I had the privilege today of meeting
Zanny Minton Beddoes, the economics editor for
The Economist magazine. She was a presenter at at a
regional economic outlook conference held in nearby Austin, Texas. Her part of the program was to deliver an assessment of the national economy. She did a great job describing the major shocks that have recently hit the U.S. economy--high oil prices, frozen credit markets, housing market bust--and the potential outcomes of these shocks. After her talk, I was able to chat with her for a few minutes. Among other things, I complemented her and The Economist for taking seriously the implications of benign deflation for the U.S. economy during the 2003-2005 period. As I have
argued before, the Fed's misreading of the 2003 deflationary pressures as being malign when in fact they were benign led to an overly accommodative monetary policy at that time. As a consequence, interest rates were pushed far beneath their neutral level and the stage was set for the biggest housing boom-bust cycle in U.S. history. The Economist recognized this was happening and was one of the few observers sounding the alarm over this development (Andy Xie was another, see
here). Only now are other observers (
here,
here) beginning to see how prescient The Economist was in its calls to reign in monetary policy during this time. It was a real treat, then, for me to meet Zanny, and briefly discuss these issues with her.
In case you missed The Economist's coverage of benign deflation and its implications for the U.S. economy during the 2003-2004 period, I have posted below an edited version of an article that appeared in 2004.
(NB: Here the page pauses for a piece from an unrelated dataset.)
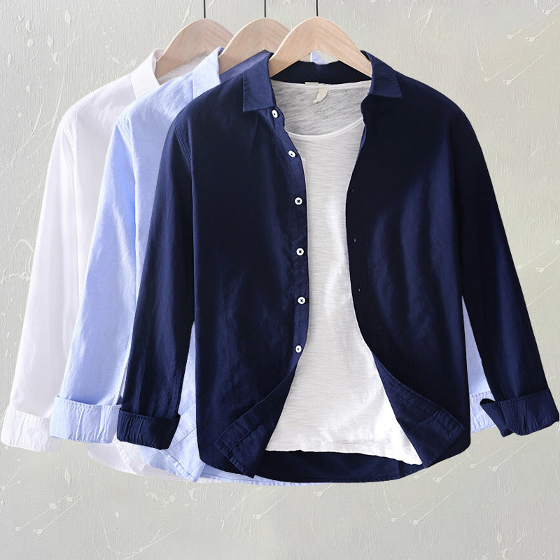 Мужская рубашка на пуговицах - свободный крой, длинный рукав для повседневного отдыха

From The Economist print edition
A new paper questions whether inflation will really turn out to be America's main economic problem... Most commentators have cheered Alan Greenspan and his colleagues at the Fed for being so aggressive in warding off the deflationary threat caused by huge corporate debts and the popping of the stockmarket bubble... Mr King is not among those cheerleaders. He argues that the Fed was wrong to cut interest rates so much, because much of the deflationary pressure was of an altogether more benign sort: a reduction in overall prices caused by rapid technological change, improvements in the terms of trade and other factors. Britain had long periods of “good” deflation in the late 18th and 19th centuries, when nominal interest rates and growth were both strong. In recent years, argues Mr King, there has again been deflation of just that sort, and for similar reasons. Technological change and the integration of China, and increasingly India, into the global economy have pushed down the price of traded goods in America, thus pushing up real incomes. “And, because of these real gains, any rise in real debt levels will not be a source of potential ongoing instability,” writes Mr King. Alas, because the Fed's perceptions of deflation have been coloured by the experiences of America in the Depression and Japan in its lost decade, it reacted by reducing interest rates sharply, a response that is more likely to bring about the debt deflation it most feared.
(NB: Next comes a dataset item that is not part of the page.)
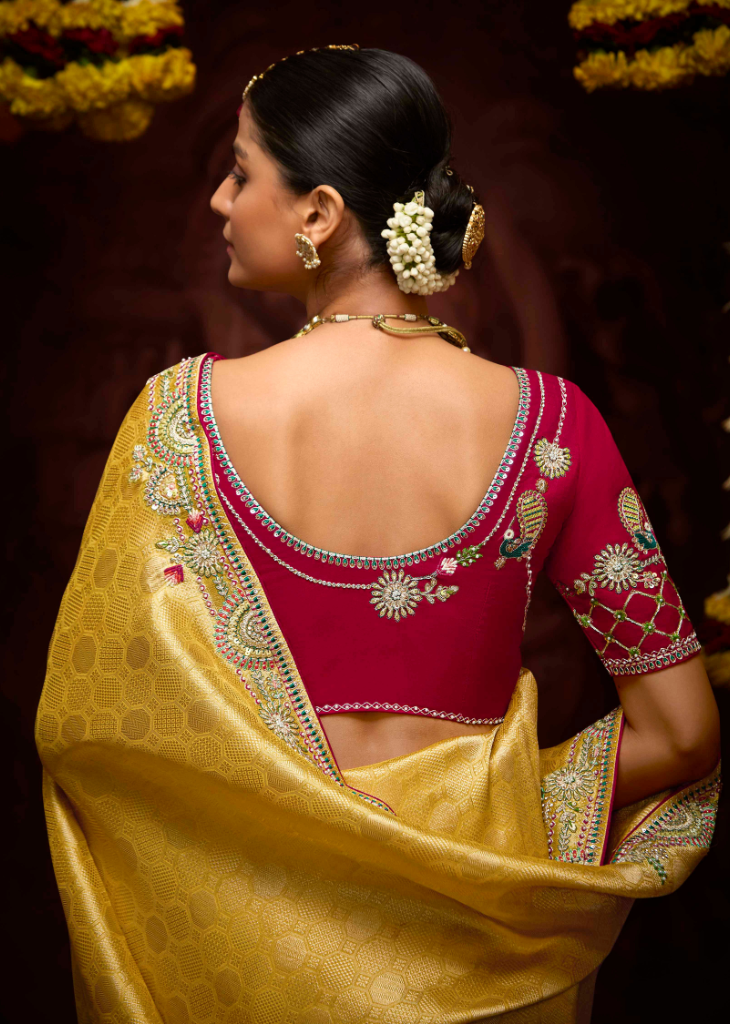 Shine bright in this golden silk saree, enriched with zari, stone, and embroidered border

High real growth—so long as deflation is of the good sort—requires high real interest rates. If rates are too low, people borrow too much and spend it badly: what Mr King calls “happy investment rather than good investment”. For a given level of nominal interest rates, a fall in prices will deliver the appropriate level of real interest rates. But by cutting nominal rates to prevent deflation, the Fed has reduced the real rate of interest too much.
Evidence that this has been the case comes in two forms. The first is that borrowing has ballooned in America in recent years. Any reduction in the indebtedness of American firms (under immense pressure from the capital markets) has been more than matched by borrowing by consumers and the government...
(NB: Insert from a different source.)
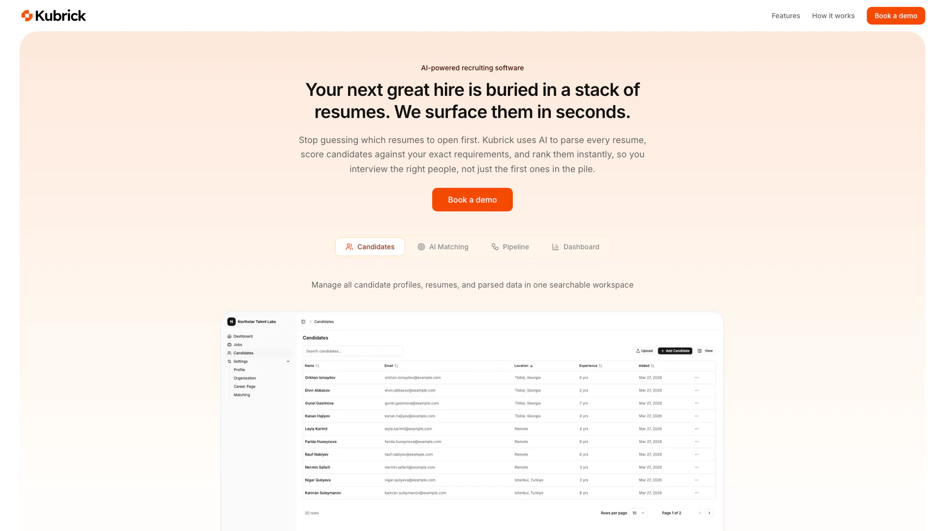 Kubrick is an AI-powered recruiting software that parses resumes, scores candidates against your job requirements, and ranks them instantly, allowing for transparent and explainable hiring decisions.

[T]he second piece of evidence [can be seen in] what Americans spend their money on. If money is too cheap, then rates of return will fall, companies will tend to use capital rather than labour, and people will spend money on riskier assets; on things that have little to do with underlying economic growth; and on things that are in short supply. As it happens, this is a decent description of America in the past few years. Companies have been slow to hire workers even as the economy has bounded along; and workers' share of national income is very low. The low cost of capital has, moreover, encouraged speculation in risky assets, such as emerging markets, or—closer to home, as it were—property. And, yes, with all that money sloshing about, it has also pushed up inflation a bit...
There is thus a distinct danger that by pushing real interest rates back to where they should have been in the first place, monetary tightening will reveal the economic recovery to have been more fragile than most think—and threaten a hard landing and the malign sort of deflation that the Fed was so keen to avoid.